As mentioned earlier, brute force (or non-brute force) cracking of weak passwords or default usernames and passwords, escalation of privileges, and exploiting vulnerabilities in unused and unneeded database services and functions. In this article we talk about exploiting unpatched database vulnerabilities.
The good news is that Oracle and other database vendors are indeed patching their vulnerabilities. The bad news is that units can't keep up with these patches, so they're always under the control of wily attackers trying to take advantage of some kind of opportunity.
Database vendors are always careful to avoid disclosing the details of the vulnerabilities their patches fix, but organizations still struggle with enormous manpower and time spent testing and applying a database patch. For example, patching a program requires that all applications affected by the patch be tested, which is a daunting task.
Yuhanna said, "The biggest problem is that most companies don't patch their programs in a timely manner, and one company told me they can only shut down their database once, take six hours to patch, and they run the risk of not patching because they can't. Shut down its operation."

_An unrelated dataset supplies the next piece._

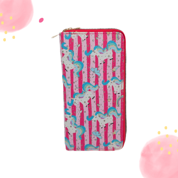 Billetera doble cierre unicornio rayas
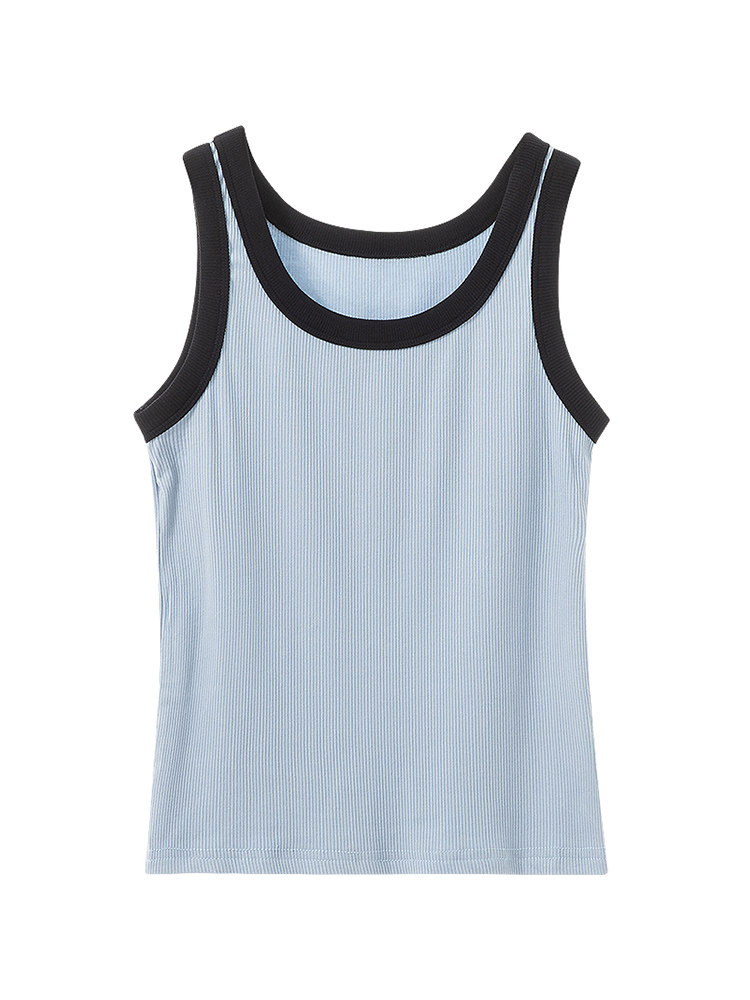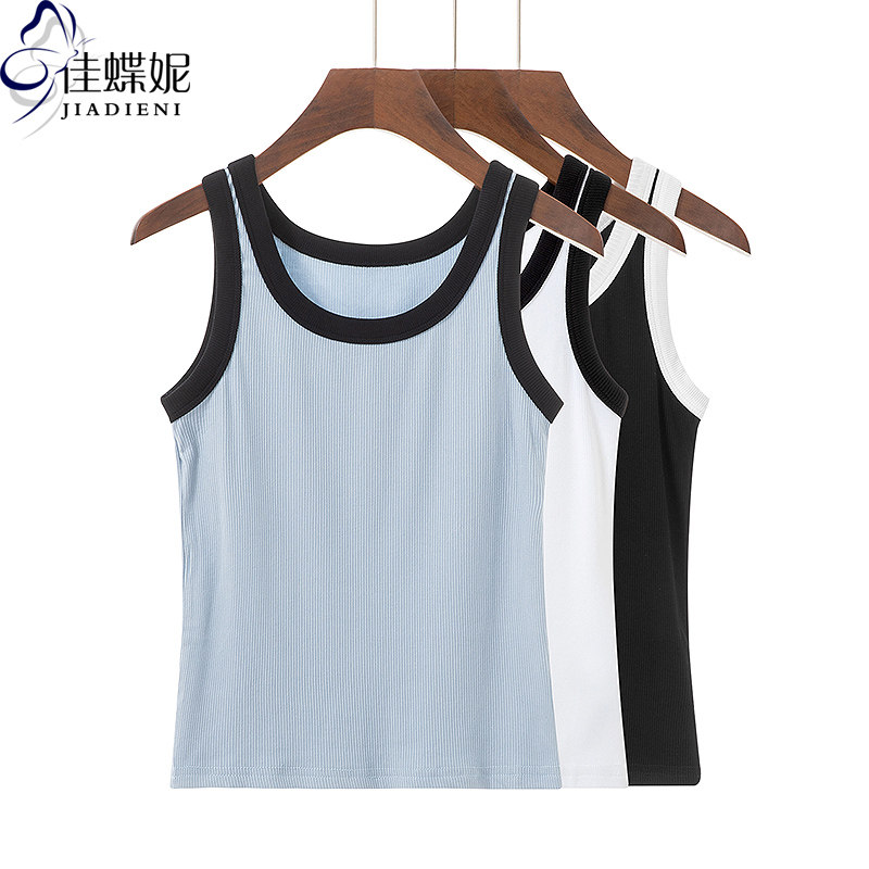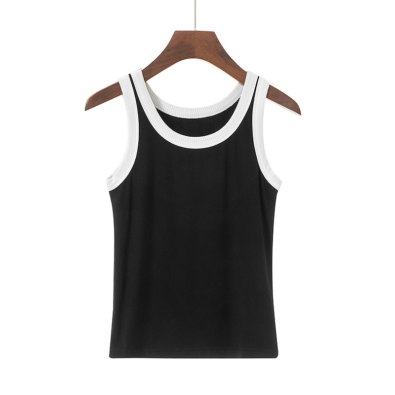 新款 纯欲显瘦纯色撞色圆领背心上衣内搭女装 韩版 短款 纯棉修身 夏季

Markovich said that in most Oracle databases running today, there are at least 10 to 20 known vulnerabilities that hackers could exploit to gain entry. "These databases are not patched, and if a hacker can compare versions and pinpoint exactly where the vulnerabilities are, then he can track the database," he said.
And some hacking sites have published exploit scripts for known database vulnerabilities, he said. Units should be patched even if it is extremely difficult to keep up with the patch cycle. For example, Oracle's April 15 patch contained 17 issues inside the database, he said. These and other patches should not be taken lightly. Every problem can destroy your database.